Question

The value of \(f(x) = x + |x|\) is continuous for:

• A. \(x \in (-\infty, \infty)\)
• B. \(x \in (-\infty, \infty) - \{0\}\)
• C. Only \(x>0\)
• D. No value of \(x\)

Hint:

Functions involving (|x|) are usually continuous everywhere, but may fail to be differentiable at points where the expression changes form.

Answer 1

The Correct Option is A

Step 1: Write the function in piecewise form. \[ f(x) = x + |x| = \begin{cases} x + x = 2x, & x \ge 0
x - x = 0, & x<0 \end{cases} \] Step 2: Check continuity at the critical point \(x = 0\).

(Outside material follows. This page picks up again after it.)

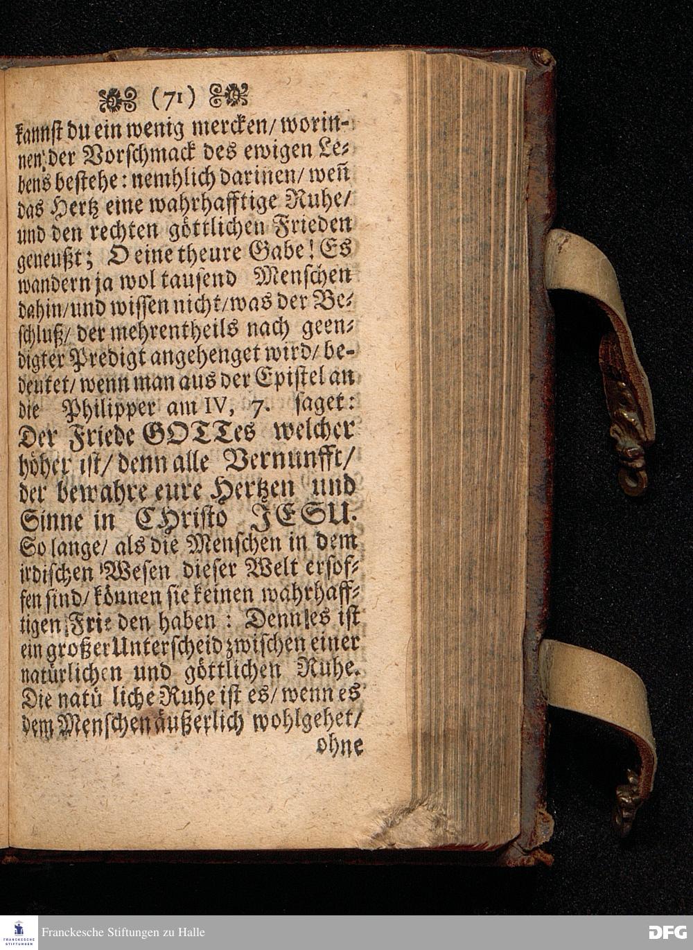 Der Vorschmack des ewigen Lebens / In einer Predigt Uber das Evangelium Matth.XVII, v.1==9. am 6.Sonntag nach Epiphan. Anno 1698. In der St.Georgen=Kirche zu Glaucha an Halle vorgestellet Und nunmehro zum andern mal herausgegeben / von M.August Hermann Francken / SS.Theol.Gr.& OO.LL.P.P.Ord.& P.Glauch. HALLE / Druckts Christian Henckel / 1699.

Left hand limit: \[ \lim_{x \to 0^-} f(x) = 0 \]
Right hand limit: \[ \lim_{x \to 0^+} f(x) = 2(0) = 0 \]
Value of the function at \(x=0\): \[ f(0) = 0 + |0| = 0 \]
Step 3: Compare LHL, RHL and \(f(0)\). \[ \text{LHL} = \text{RHL} = f(0) \] Hence, \(f(x)\) is continuous at \(x=0\). Step 4: Check continuity elsewhere. Both expressions \(2x\) and \(0\) are polynomials (or constants), which are continuous for all real \(x\). Step 5: Final conclusion. \[ f(x) \text{ is continuous for all } x \in (-\infty, \infty) \]